INPUT DATA -
-----

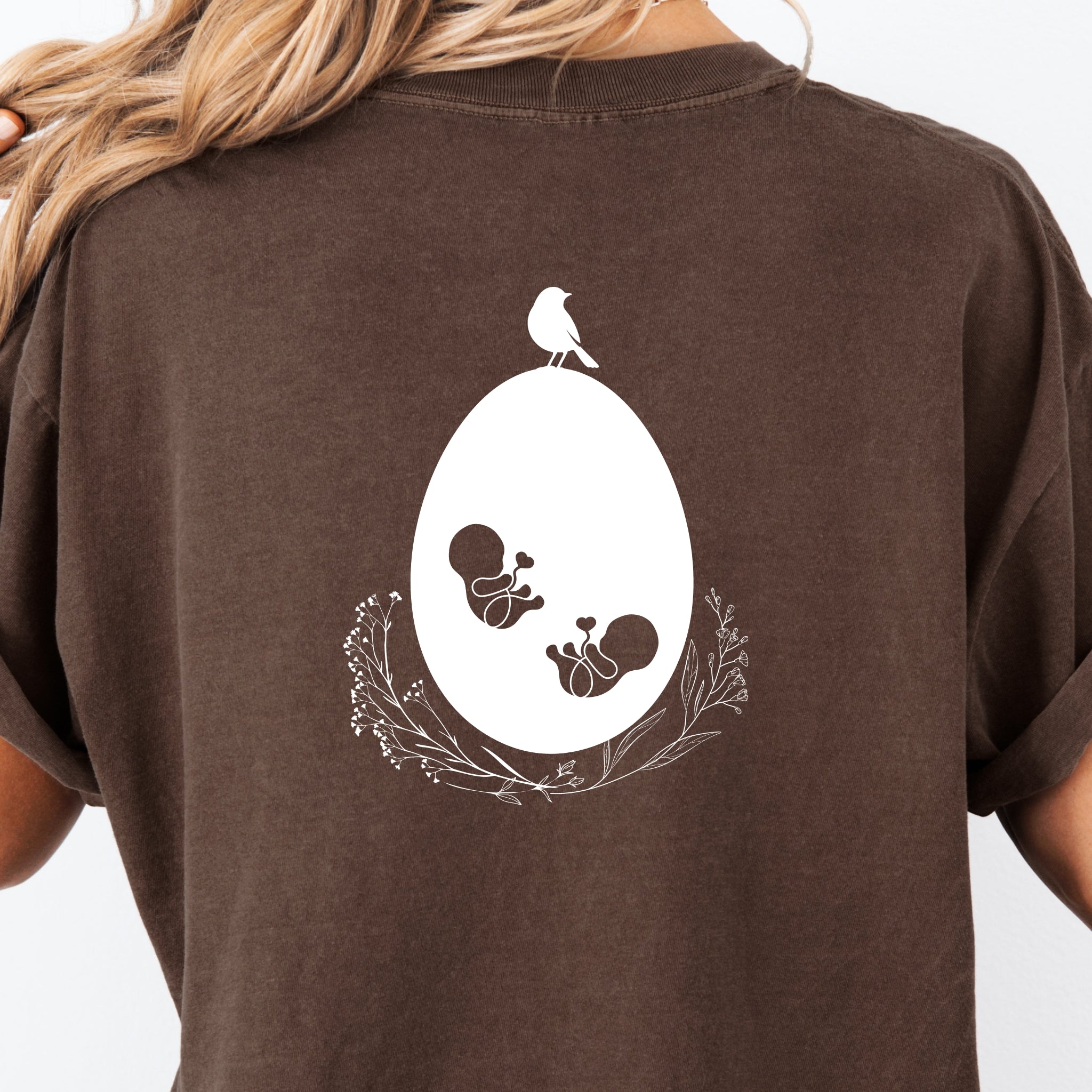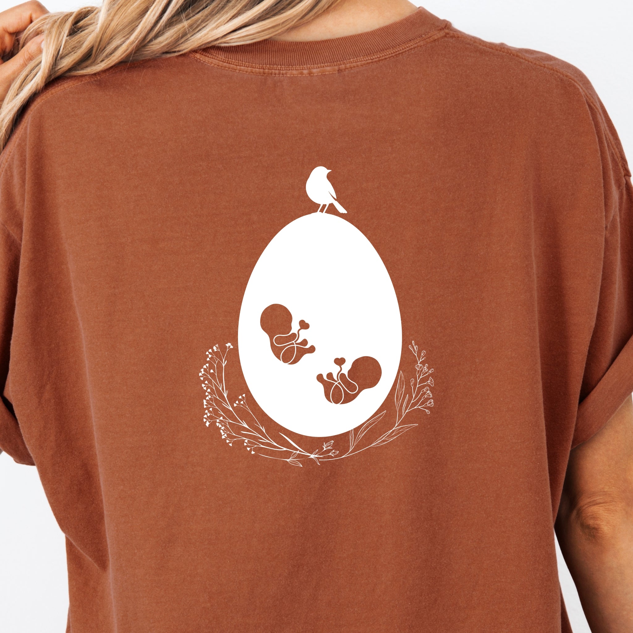 This whimsical tee features our trademarked Baby Peanut twins cozily nestled inside a large egg perched on a bed of wild leafy branches—while a tiny bird stands guard on top, keeping watch like a proud sibling. It’s a sweet celebration of new beginnings, gentle guardianship, and egg-straordinary charm.
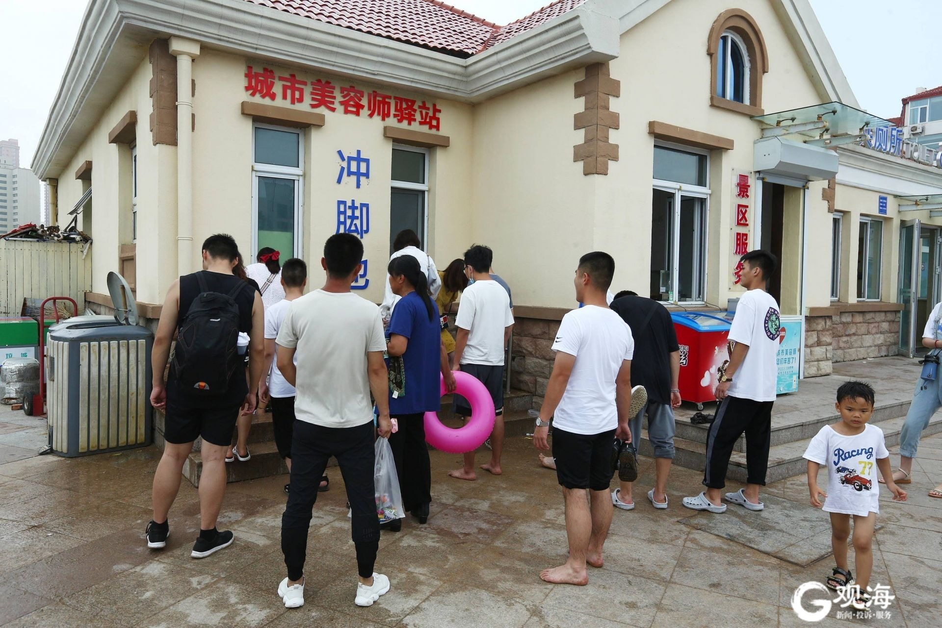 栈桥公厕:旅游旺季游客排队冲脚,冲脚池水龙头经常从早到晚不能关。臧磊 摄
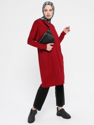 Sportify Bordo Tek Cepli Spor Tunik
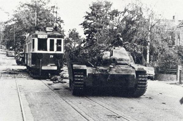 StuG III moving past a tram in Oosterbeek (oosterbeek stug.png)Imagehoxson11625
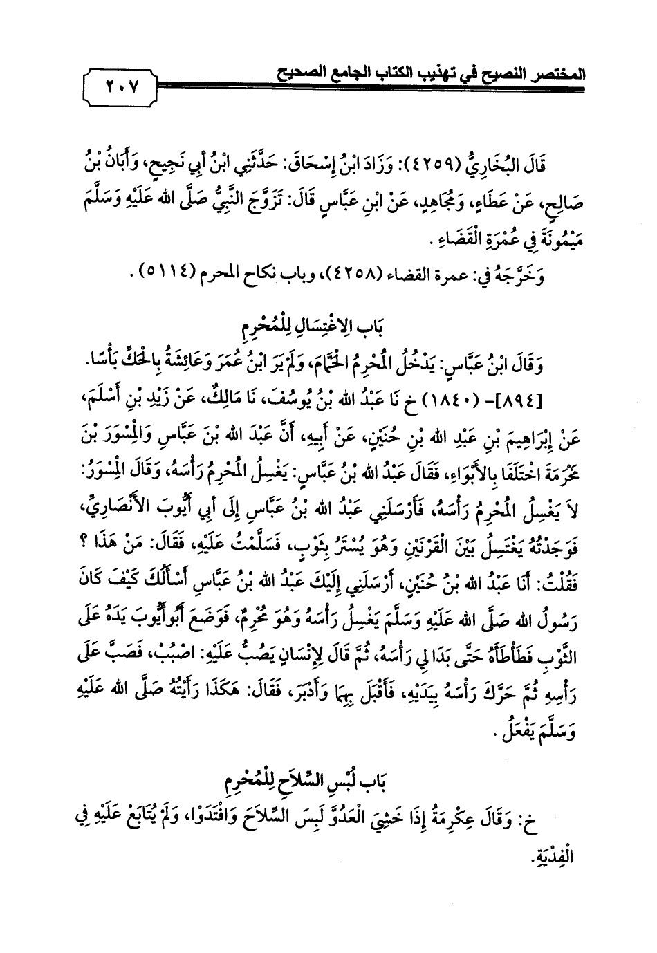 [894]- (1840) خ نَا عَبْدُ الله بْنُ يُوسُفَ، نَا مَالِكٌ، عَنْ زَيْدِ بْنِ أَسْلَمَ، عَنْ إِبْرَاهِيمَ بْنِ عَبْدِ الله بْنِ حُنَيْنٍ، عَنْ أَبِيهِ، أَنَّ عَبْدَ الله بْنَ عَبَّاسِ وَالْمِسْوَرَ بْنَ مَخْرَمَةَ اخْتَلَفَا بِالأَبْوَاءِ, فَقَالَ عَبْدُ الله بْنُ عَبَّاسٍ: يَغْسِلُ الْمُحْرِمُ رَأْسَهُ, وَقَالَ الْمِسْوَرُ: لاَ يَغْسِلُ الْمُحْرِمُ رَأْسَهُ, فَأَرْسَلَنِي عَبْدُ الله بْنُ عَبَّاسِ إِلَى أبِي أَيُّوبَ الأَنْصَارِيِّ, فَوَجَدْتُهُ يَغْتَسِلُ بَيْنَ الْقَرْنَيْنِ وَهُوَ يُسْتَرُ بِثَوْبٍ, فَسَلَّمْتُ عَلَيْهِ, فَقَالَ: مَنْ هَذَا؟ فَقُلْتُ: أَنَا عَبْدُ الله بْنُ حُنَيْنٍ, أَرْسَلَنِي إِلَيْكَ عَبْدُ الله بْنُ عَبَّاسِ أَسْأَلُكَ كَيْفَ كَانَ رَسُولُ الله صَلَّى الله عَلَيْهِ وَسَلَّمَ يَغْسِلُ رَأْسَهُ وَهُوَ مُحْرِمٌ, فَوَضَعَ أَبُوأَيُّوبَ يَدَهُ عَلَى الثَّوْبِ فَطَأْطَأَهُ حَتَّى بَدَا لِي رَأْسَهُ, ثُمَّ قَالَ لِإِنْسَانٍ يَصُبُّ عَلَيْهِ: اصْبُبْ, فَصَبَّ عَلَى رَأْسِهِ ثُمَّ حَرَّكَ رَأْسَهُ بِيَدَيْهِ, فَأَقْبَلَ بِهِمَا وَأَدْبَرَ, فَقَالَ: هَكَذَا رَأَيْتُهُ صَلَّى الله عَلَيْهِ وَسَلَّمَ يَفْعَلُ.
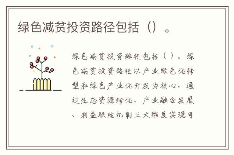 绿色减贫投资路径以产业绿色化转型和绿色产业化开发为核心,通过生态资源转化、产业融合发展、利益联结机制三大维度实现可持续减贫,既保护生态环境又带动经济增收。
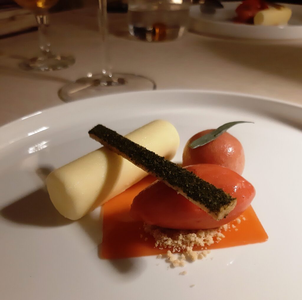 La nouvelle vague dei dessert richiede ormai sempre maggior contrasto tra sensazioni dolci e acide o astringenti; l’opinione da critico del sottoscritto, che nulla aggiunge alla magnifica serata evento, è che tutto va bene a patto che avvenga cum grano salis.

-----

EXERCISE PROMPT -
Omit all pictures and write out, exactly, only the lines from the line containing "绿色减贫投资路径以产业绿色化" through the last line of the entries above.

REPLY TO THE EXERCISE -
 绿色减贫投资路径以产业绿色化转型和绿色产业化开发为核心,通过生态资源转化、产业融合发展、利益联结机制三大维度实现可持续减贫,既保护生态环境又带动经济增收。
 La nouvelle vague dei dessert richiede ormai sempre maggior contrasto tra sensazioni dolci e acide o astringenti; l’opinione da critico del sottoscritto, che nulla aggiunge alla magnifica serata evento, è che tutto va bene a patto che avvenga cum grano salis.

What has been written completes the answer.